Records to use section start
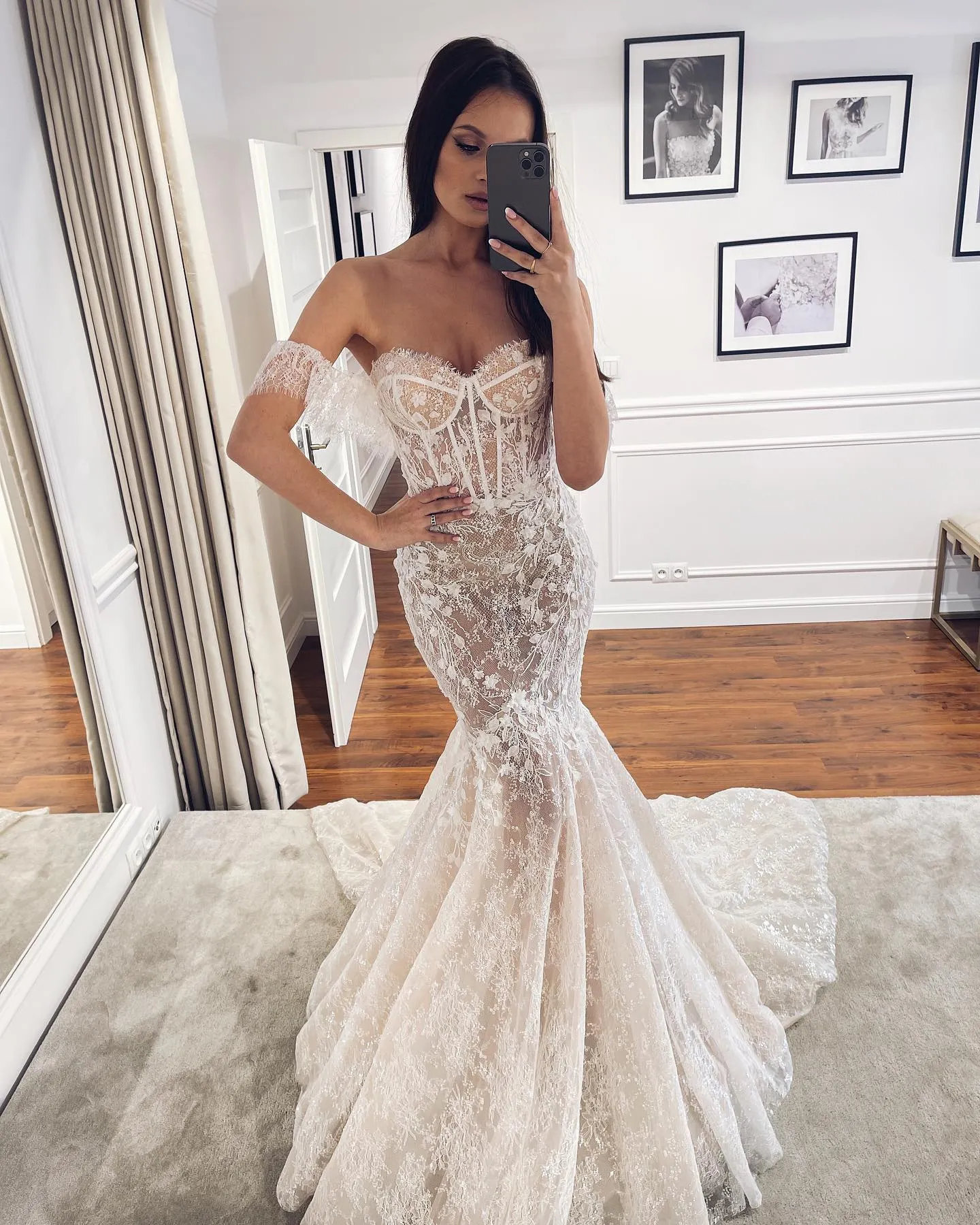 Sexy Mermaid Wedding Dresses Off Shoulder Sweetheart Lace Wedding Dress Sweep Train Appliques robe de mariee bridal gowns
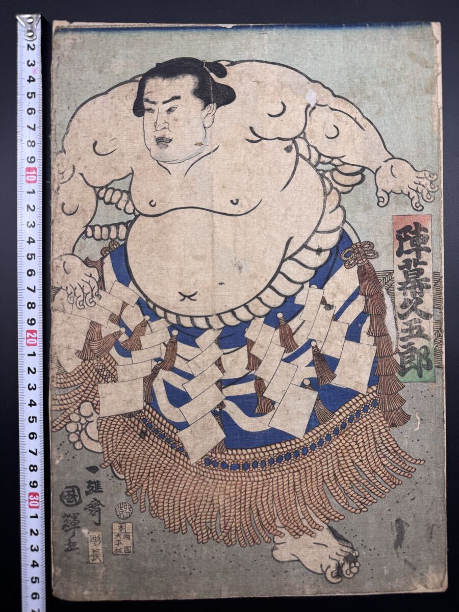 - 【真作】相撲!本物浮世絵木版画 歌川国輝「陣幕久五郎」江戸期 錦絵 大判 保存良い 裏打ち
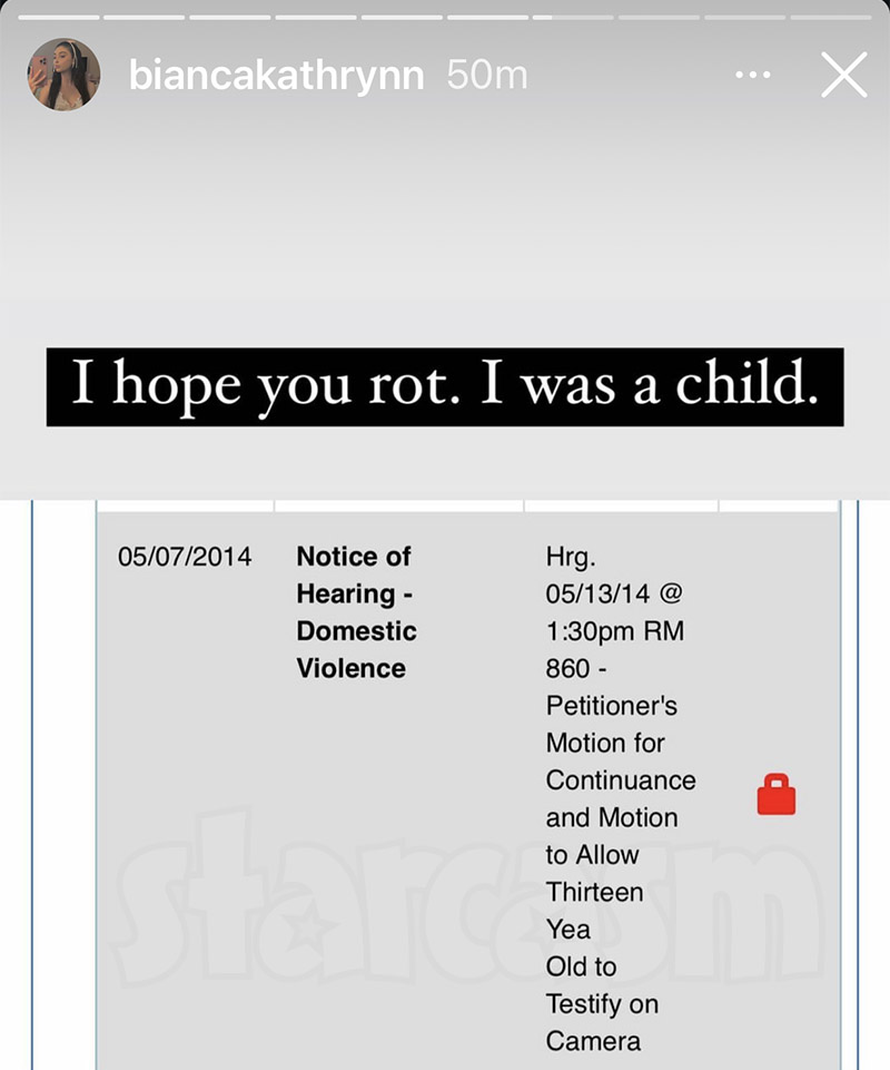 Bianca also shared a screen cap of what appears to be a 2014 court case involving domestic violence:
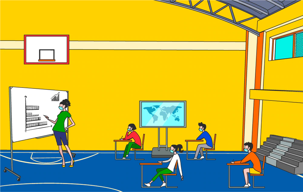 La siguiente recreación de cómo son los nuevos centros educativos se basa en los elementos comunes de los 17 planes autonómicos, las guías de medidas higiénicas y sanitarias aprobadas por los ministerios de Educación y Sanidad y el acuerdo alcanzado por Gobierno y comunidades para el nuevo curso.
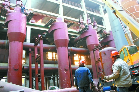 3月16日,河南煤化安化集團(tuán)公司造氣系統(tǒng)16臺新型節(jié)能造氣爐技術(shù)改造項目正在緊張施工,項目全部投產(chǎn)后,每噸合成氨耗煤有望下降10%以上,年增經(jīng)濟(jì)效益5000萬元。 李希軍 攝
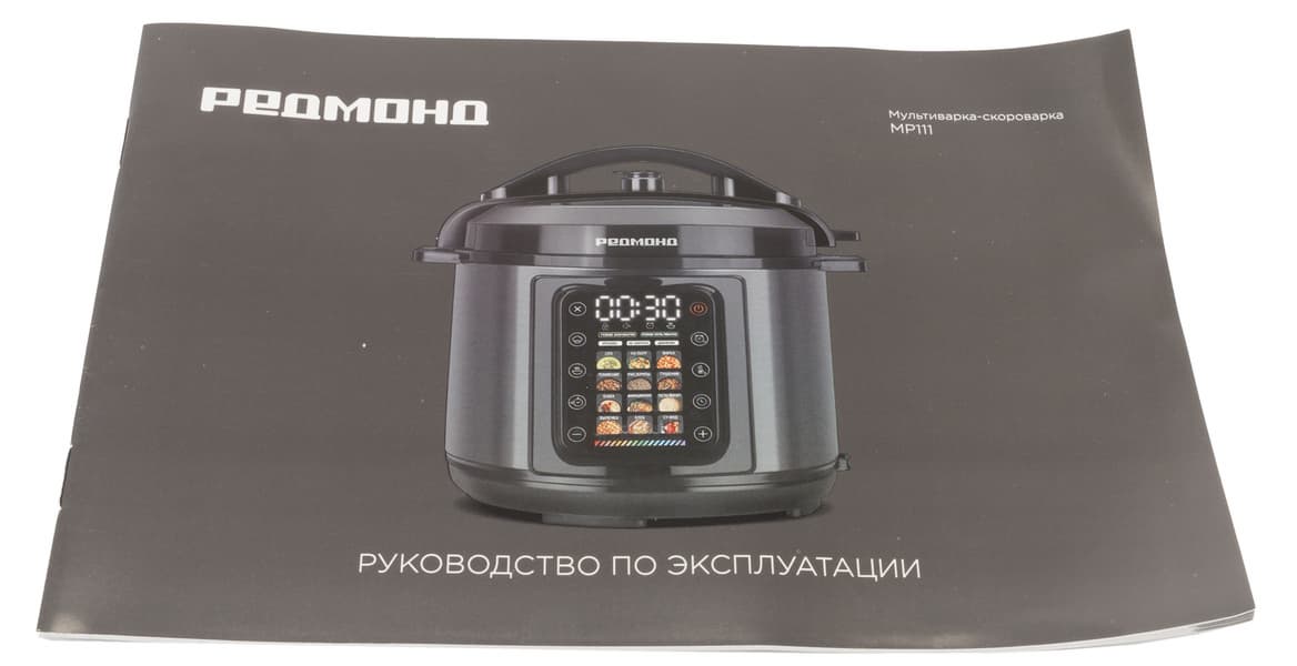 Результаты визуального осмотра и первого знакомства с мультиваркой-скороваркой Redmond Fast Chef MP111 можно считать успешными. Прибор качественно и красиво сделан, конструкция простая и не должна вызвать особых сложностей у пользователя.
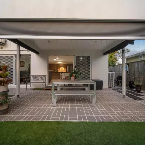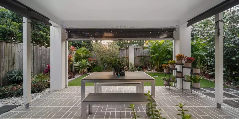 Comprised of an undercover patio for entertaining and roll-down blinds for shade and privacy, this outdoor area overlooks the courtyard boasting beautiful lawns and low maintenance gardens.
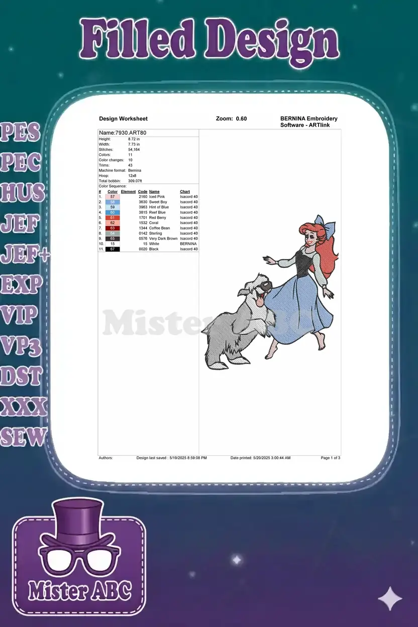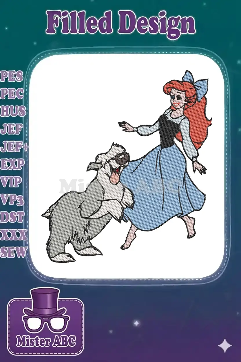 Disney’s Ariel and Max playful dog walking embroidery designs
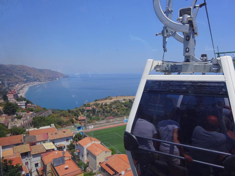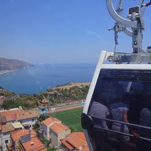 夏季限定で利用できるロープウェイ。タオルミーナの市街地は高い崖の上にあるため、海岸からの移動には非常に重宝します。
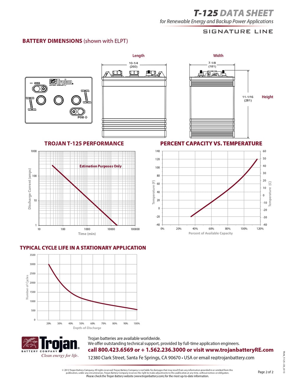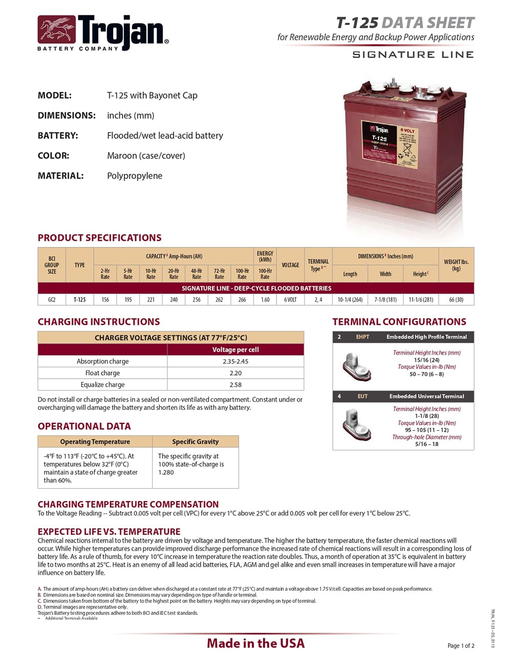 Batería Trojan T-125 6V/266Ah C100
Records to use section end
Start with the line above containing "Bianca also shared" and end with the line containing "Результаты визуального осмотра". Set down that stretch exactly, without any pictures.

# [Problem solution]
 Bianca also shared a screen cap of what appears to be a 2014 court case involving domestic violence:
 La siguiente recreación de cómo son los nuevos centros educativos se basa en los elementos comunes de los 17 planes autonómicos, las guías de medidas higiénicas y sanitarias aprobadas por los ministerios de Educación y Sanidad y el acuerdo alcanzado por Gobierno y comunidades para el nuevo curso.
 3月16日,河南煤化安化集團(tuán)公司造氣系統(tǒng)16臺新型節(jié)能造氣爐技術(shù)改造項目正在緊張施工,項目全部投產(chǎn)后,每噸合成氨耗煤有望下降10%以上,年增經(jīng)濟(jì)效益5000萬元。 李希軍 攝
 Результаты визуального осмотра и первого знакомства с мультиваркой-скороваркой Redmond Fast Chef MP111 можно считать успешными. Прибор качественно и красиво сделан, конструкция простая и не должна вызвать особых сложностей у пользователя.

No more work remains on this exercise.